Review by Megan Weireter

Posted on 08 September 2009

Source Apple VHS

Categories The Beatles on Film

With each film that they released through the mid-‘60s, the Beatles became less human and more superhuman, less real and more hyper-real, in the public imagination. So it’s interesting that, after the weirdness and excess of Magical Mystery Tour, the Beatles would literally be transformed into cartoons for Yellow Submarine.

Of course, the switch to animation also suited their wishes at the time. Still under contract to United Artists for a third movie, the Beatles— who hadn’t enjoyed making Help!—and who had been stunned by the negative critical reception of Magical Mystery Tour - were not in the mood to start in on another movie to fulfill their obligation. The idea for an animated movie actually predates both those films, though. Producer Al Brodax of King Features, who was responsible for the odious The Beatles Saturday morning cartoon show of the mid-‘60s (which the Beatles rightly loathed), had always hoped to parlay that deal into a full-length animated film, and there seems to have been a treatment for Yellow Submarine as early as 1966. Though never enthusiastic about the idea, the Beatles signed off on it and hoped to thereby be done with movies for good. (United Artists, unfortunately, held that Yellow Submarine didn’t count as a new Beatles movie, because the Beatles didn’t participate in the making of it at all, not even lending their own voices to the characters. It was Let It Be that finally met the need for a new film.) Although Yellow Submarine had no Beatle involvement in its creation, it became a key part of the Beatles’ mythology, and the Beatles themselves loved the finished product so much that they’ve taken ownership of it pretty much from the time of the film’s release. (It’s now under the Apple label along with the rest of the Beatles’ canon.) Hence, it’s become canonical, and deserving of coverage here.

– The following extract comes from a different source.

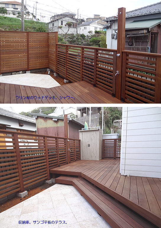 ウリン材のウッドデッキ と オリジナルのシャワー
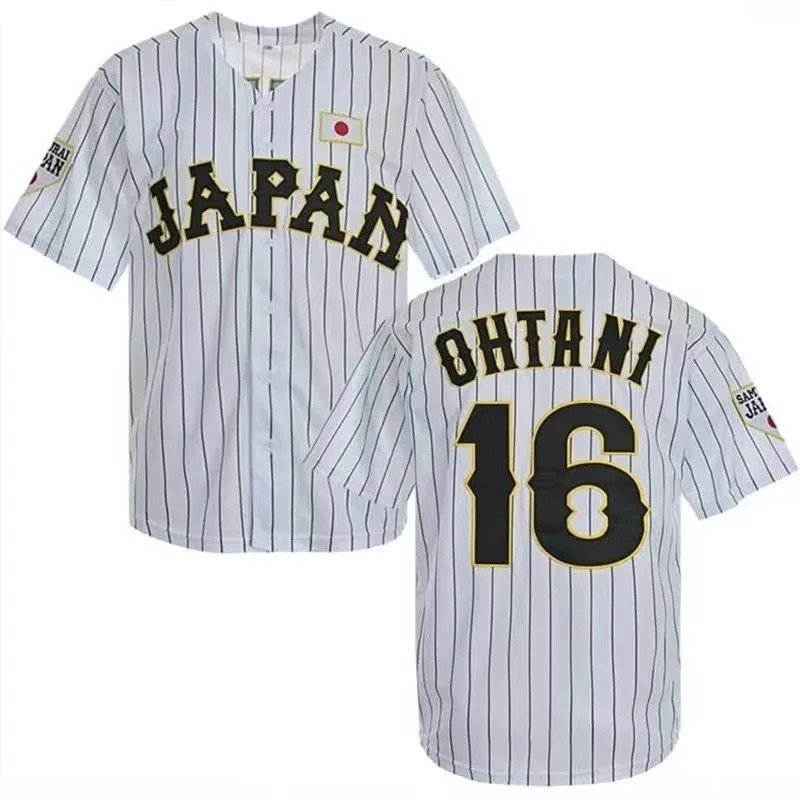 Baseball Jersey Japão 16 OHTANI Bordados De Malha Esportiva Ao Ar Livre Com Listras Brancas Camisetas Pretas Hip Hop High Street

With the Beatles’ blessing, the filmmakers conceived of a psychedelic fantasy for children, or, if you prefer, a children’s movie that young adult Beatles fans would also enjoy. Yellow Submarine is in a way a conventional story of good conquering evil, but it’s also a flimsy hippie parable with a mission to spread love and peace and flowers and music. Inevitably, it looks dated now. But if Yellow Submarine is a period piece, it’s a very beautiful period piece to look at—and its core storyline, such as it is, is so familiar that it can still entertain kids and adults alike. And I would argue that without the film’s embrace of psychedelic culture, its whole internal logic, or lack of logic, wouldn’t have been possible. It’s rare to see a mainstream movie that revels so much in unchecked imaginative power. But without the ridiculous Yellow Submarine imagination, there would be no Kinky Bootbeasts, no Foothills of the Headlands, no Apple Bonkers. The universe that’s been created here is so demented and delightful that I for one don’t care if a hippie sensibility underlies it all—or, for that matter, if drugs were involved its creation. It’s all beside the point, provided the film stands up by its own merits.

The lunacy begins in Pepperland, a magical paradise where love and music reign and everyone’s happy all the time—until the Blue Meanies attack, that is, silencing the music made by local sensation Sgt. Pepper’s Lonely Hearts Club Band and bonking the citizenry into a stony silence. Somehow, Young Fred manages to escape in Pepperland’s magical yellow submarine, sailing upwards through the sky and into our world to try to find help. He finds the Beatles and brings them back into Pepperland, but not before they have several adventures on the way as they travel through the many Seas in between here and there—Seas being not literal oceans, but landscapes for the film’s artists to let their imaginations run wild in, like the Sea of Time, the Sea of Monsters, and the Sea of Nothing. They also manage to pick up Jeremy, a furry mustached creature who will prove useful. When they do get to Pepperland, it’s the work of a morning to find instruments, free Sgt. Pepper’s band from their trap, and sing and play until the Blue Meanies are converted to the happy hippie-dippie cause.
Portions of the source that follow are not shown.